So, with all of those events, we went to play our musical number. God truly guided my hands. Many people, including this woman, came up to us after and told us how much they enjoyed our number. Music truly invites the spirit much faster than anything else. I think it helped soften her heart.
The talks in Sacrament meeting were once again geared towards me. The fist speaker talked about prayer, and the second spoke on charity and speaking kind words. “Imagine being on the receiving end of unkind words” he said. Ha.
Through this mortifying experience, however, I learned a billion lessons on humility, prayer, charity, forgiveness, and Christlike love. I’m still a little rattled because I still don’t know what we did. But the more I think about it, the more I don’t think it matters. What we needed to learn from this was how to respond in a Christlike way, and how to earn trust though service.
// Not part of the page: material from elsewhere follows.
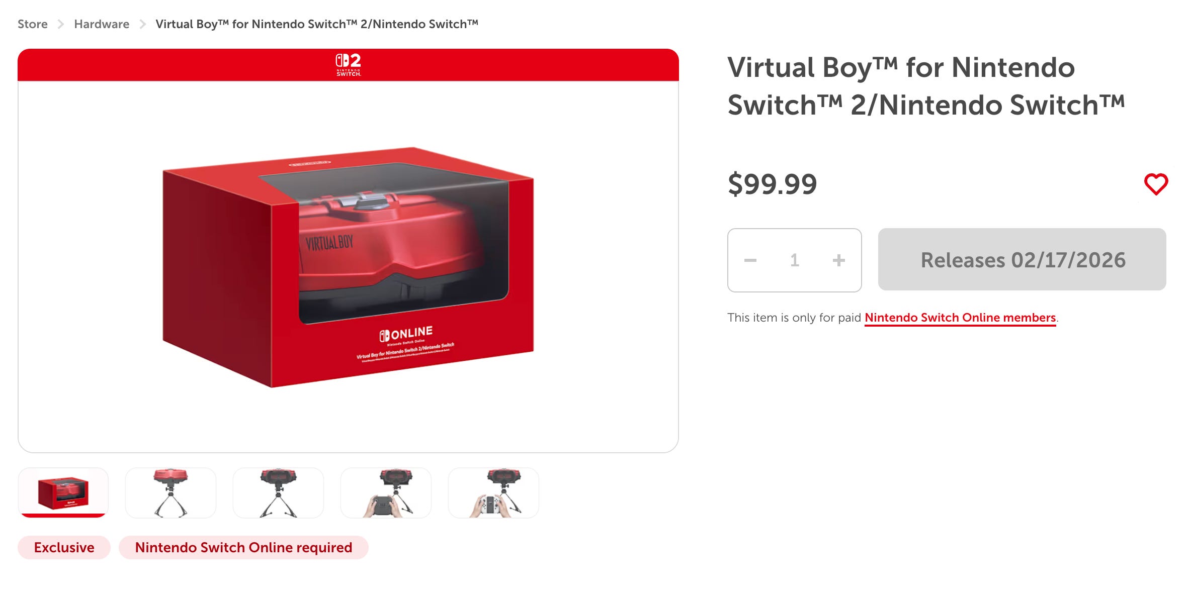 The Virtual Boy Switch 2 release date is February 17, 2026. It means weâve got a quite a few months to wait until we can stick our faces into the Virtual Boy and revisit the weird red and black games that were previously lost in time.

You can’t assume that people know that you love and appreciate them. You need to let them know. … That’s a President Monson quote from somewhere…
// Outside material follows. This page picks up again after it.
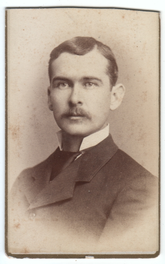I’ve posted mostly women and children this week, so I figured it was time for another man.  But what sort?  Well, I just watched Washington Square, the 1997 movie based on the Henry James novel, and it put me in the mind to find a Morris Townsend type (Ben Chaplin in that movie, or Montgomery Clift in The Heiress, another adaptation).  I’m not sure if this is precisely the right period (the novel is from 1880), but it’s close enough.  This guy looks like a handsome cad who could snake through society on his wits and charm, convincing a plain, innocent, awkward girl that he loves her, even though he sees only dollar signs.  Even in this photo he looks like he’s scheming!  So he’s today’s contribution.  Hiss if you must.  But as I was scanning this, I thought, “Wait, didn’t I post something from Manchester before?”  Sure enough, it was this guy.  Another devilish cad!  Apparently the same photographer even!  Coincidence?  You be the judge.

Which brings me to Sunday night’s fireside. Remember those invitations we dropped off Saturday night? One of our less actives and her non member husband were there! They were early even!! Our investigator, S came as well 🙂 It was really well attended. Anywho, the fireside was on communication. ANOTHER lesson directly for me. I think this whole kerfuffle was instigated by poor communication, and was fixed with humility and prayer. Well, if you want to call it fixed. We’ll find out later. S, having no idea what the topic of the fireside was, wore a shirt to the fireside that said “Good Talker. Bad Listener.” How ironic 😛
So. My thought for the week is: Don’t judge. Unless if you have a missionary companion who is within sight and sound every single second of every single day, then you don’t have the right to judge someone else’s actions. Even if you do see them every second of the day you STILL don’t know what goes on in their head and you again still do not have the right to judge them. I still don’t know what’s going on in this woman’s life, so maybe we had done or not done something that was just the last push that she needed to make everything tumble over. We’ve gotta turn the other cheek and seek to act as Christ would. Pray for charity. I’ll be doing a lot of that myself.
I was so scared to walk into church that morning because I was so afraid that her sentiments were echoed by other members of the ward. As more and more members started to greet us, I realized that wasn’t true… But regardless, it was hard to walk into a building that I loved so much feeling so scrutinized. Which made me wonder about how less-active members must feel walking back into a chapel for the first time… especially if they had been offended in the past. I definitely feel more empathy for them now.
On a happy note, three of the less-actives that we’ve been working with are no longer less-active 🙂
So, that’s my week. Haven’t had much sleep. We received a lot of instruction from a lot of different people in a lot of different ways, and I have a lot to work on. I’ve changed a lot since coming on this mission thing, and still have a long ways to go. The Gospel of Jesus Christ is a way of life. Eternal progression.